**Required action**:
A verbatim printing of the entries that follow is needed; pictures must not appear in it.

**The records**:
============

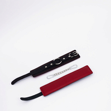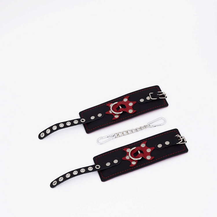 Комплект красных наручников и оков на металлических креплениях с кольцом
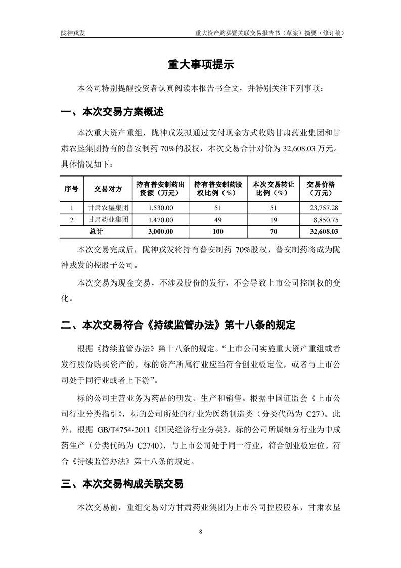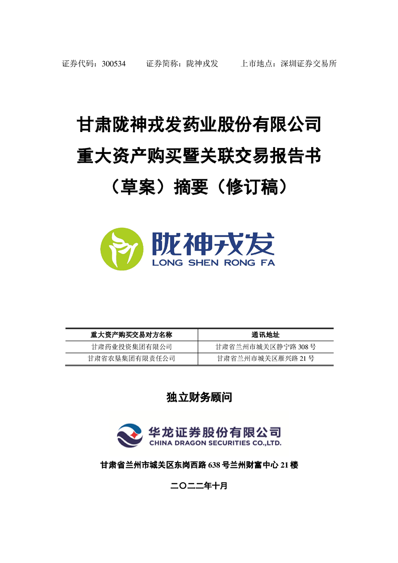 甘肃非凡娱乐药业股份有限公司重大资产购买暨关联交易报告书(草案)摘要(修订稿)
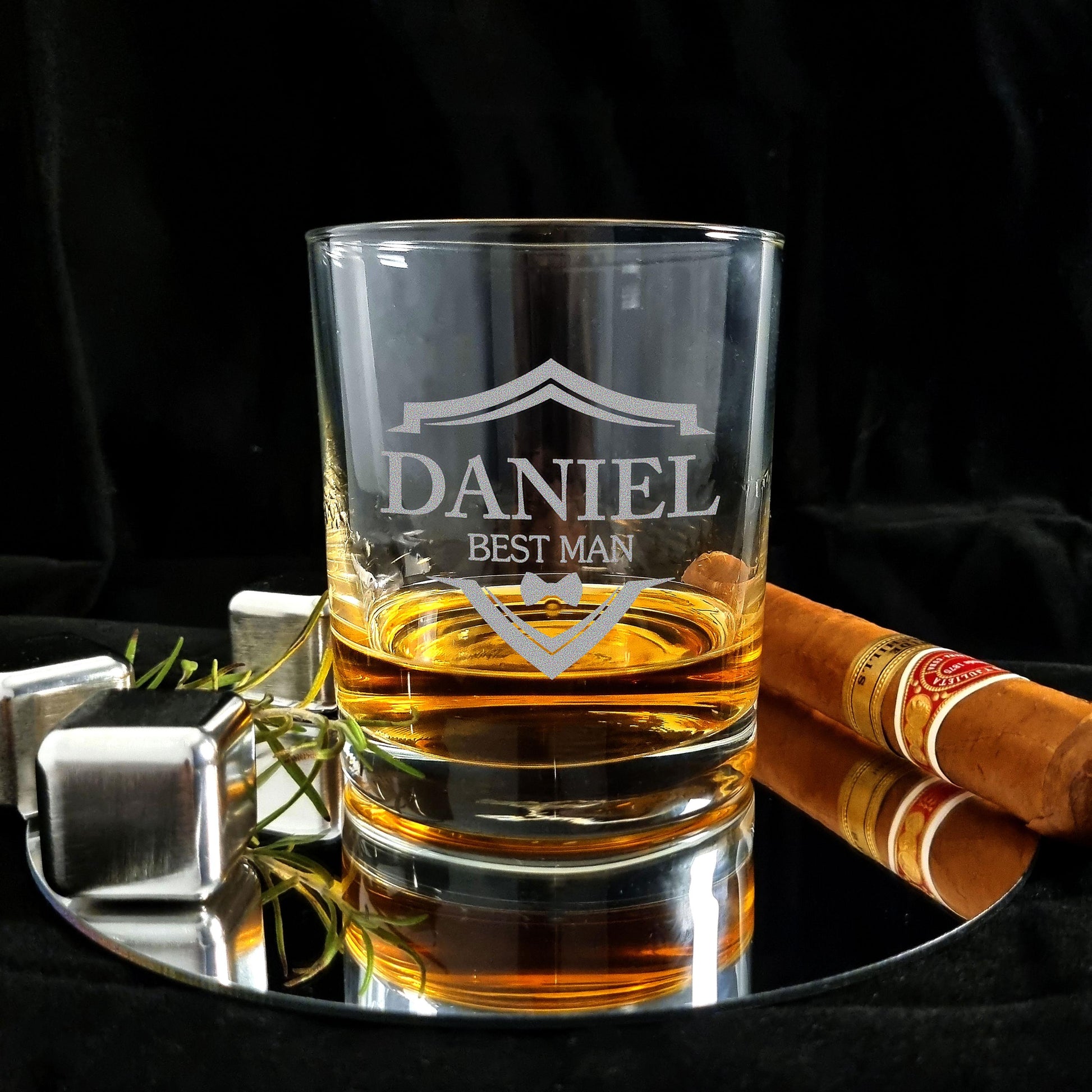 Personalized 11oz engraved groomsman whiskey glass—custom old fashioned glass perfect for best man gifts, groomsmen proposals, and wedding party celebrations.
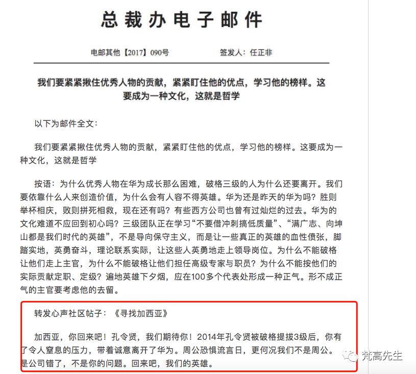 而关于用人战略,印象最深刻的是2017年华为员工离职事件。2017年9月6日,任正非致歉离职员工:你回来吧,是公司错了!并且将该邮件分发给全体员工。
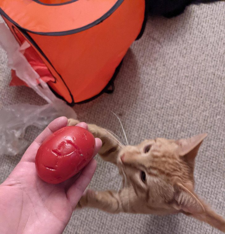«Купила 6 помидоров, прихожу домой, а 5 из них разбросаны по кухне. Стало интересно, куда подевался 6-й и сам пакет. Выяснилось, что наш котенок спрятал их в своем логове»
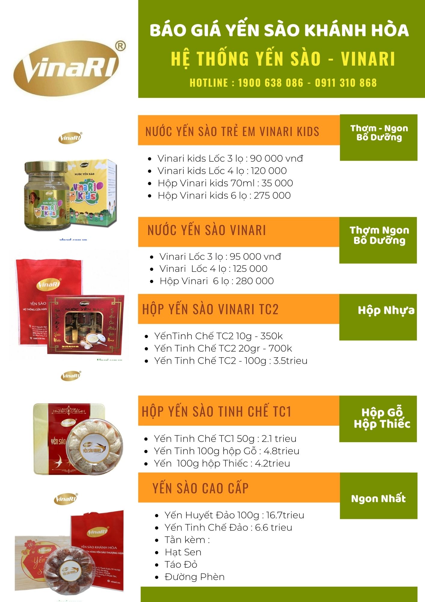 Bảng giá yến sào Khánh Hòa thương hiệu VinaRI
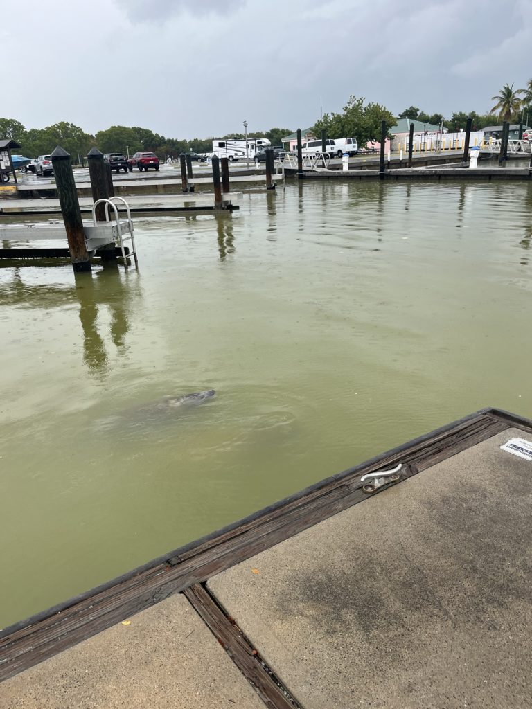 けれどもこのビジターセンターのマリーナにマナティがよく出ると聞いて、これは行かねばと傘をさしてまずは博士太郎氏が向かう。
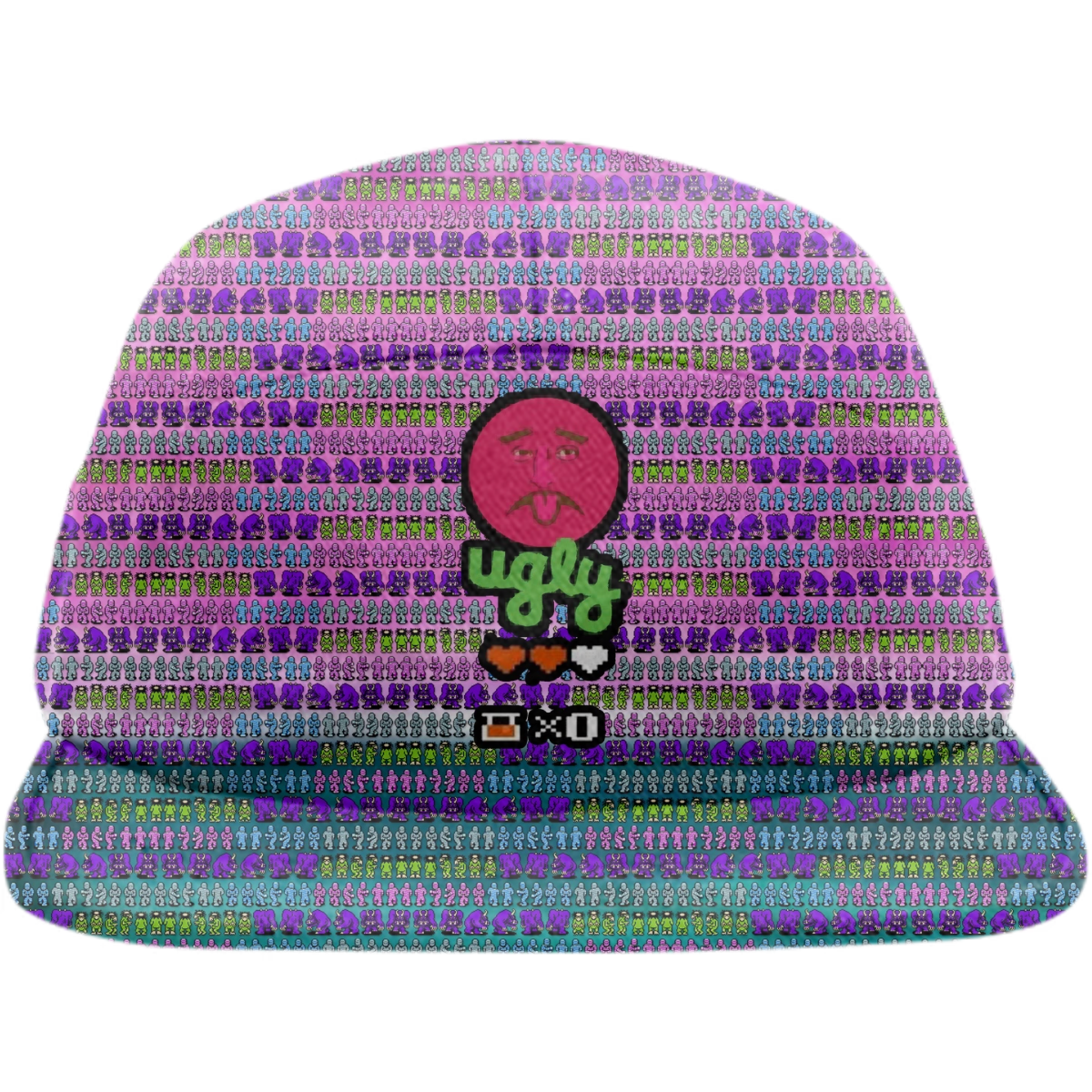 Five panel baseball hat with adjustable nylon strap for sizing.

============

**Your solution**:
 Комплект красных наручников и оков на металлических креплениях с кольцом
 甘肃非凡娱乐药业股份有限公司重大资产购买暨关联交易报告书(草案)摘要(修订稿)
 Personalized 11oz engraved groomsman whiskey glass—custom old fashioned glass perfect for best man gifts, groomsmen proposals, and wedding party celebrations.
 而关于用人战略,印象最深刻的是2017年华为员工离职事件。2017年9月6日,任正非致歉离职员工:你回来吧,是公司错了!并且将该邮件分发给全体员工。
«Купила 6 помидоров, прихожу домой, а 5 из них разбросаны по кухне. Стало интересно, куда подевался 6-й и сам пакет. Выяснилось, что наш котенок спрятал их в своем логове»
 Bảng giá yến sào Khánh Hòa thương hiệu VinaRI
 けれどもこのビジターセンターのマリーナにマナティがよく出ると聞いて、これは行かねばと傘をさしてまずは博士太郎氏が向かう。
 Five panel baseball hat with adjustable nylon strap for sizing.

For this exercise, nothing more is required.